Again, the diagnostic statistics seem reasonable:

mcmc_plot(gllvm_fit, plotfun = "rhat_hist")
#> Warning: Dropped 1 NAs from 'new_rhat(rhat)'.
#> `stat_bin()` using `bins = 30`. Pick better value with `binwidth`.

mcmc_plot(gllvm_fit, plotfun = "neff_hist")
#> `stat_bin()` using `bins = 30`. Pick better value with `binwidth`.

For brevity’s sake we will not go into the detail of the different functions again here, however there is one plotting function specifically for GLLVM models - ordiplot(). This plots the species or sites scores against the latent variables from a random selection of draws:

ordiplot(gllvm_fit, errorbar_range = 0.5)

ordiplot(gllvm_fit, type = "sites", geom = "text", errorbar_range = 0) +
  theme(legend.position = "none")

You can change the latent variables selected by specifying the choices argument, and alter the number of draws or whether you want to plot species or sites with the other arguments.

References

Warton et al (2015) So many variables: joint modeling in community ecology. Trends in Ecology & Evolution, 30:766-779. DOI: 10.1016/j.tree.2015.09.007.

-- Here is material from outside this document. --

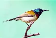 绿喉太阳鸟:共有9个亚种。小型鸟类,雄鸟体长13-15厘米、雌鸟10-12厘米。雄鸟前额至后颈、颏和喉辉绿色,头侧黑色,颈侧和背暗红色,两肩、下背橄榄绿色,腰鲜黄色,尾上覆羽和中央尾羽暗绿色,…全部>>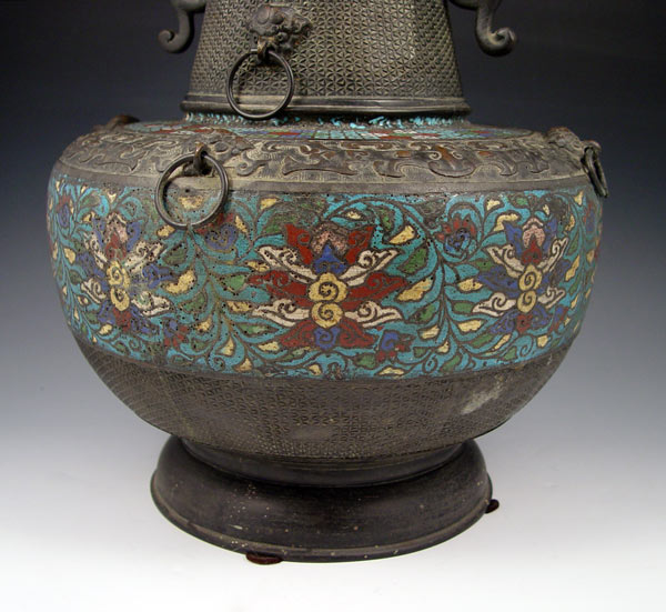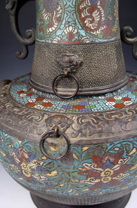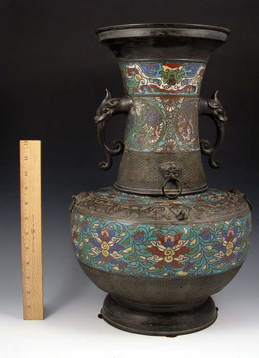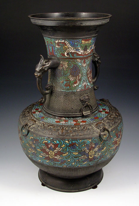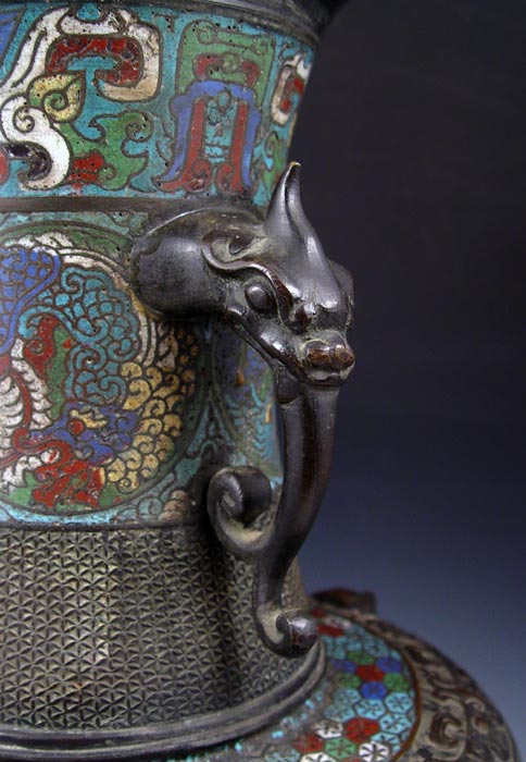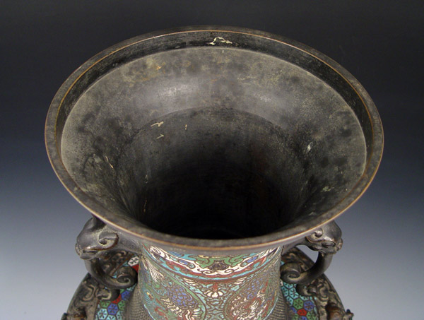 CHINESE CHAMPLEVE VASE: With dragon head handles, 19'' tall.

Wilkinson et al (2021) Defining and evaluating predictions of joint species distribution models. Methods in Ecology and Evolution, 12:394-404. DOI: 10.1111/2041-210X.13518.

Vehtari, A., Gelman, A., and Gabry, J. (2017). Practical Bayesian model evaluation using leave-one-out cross-validation and WAIC. Statistics and Computing. 27(5), 1413–1432. DOI: 10.1007/s11222-016-9696-4.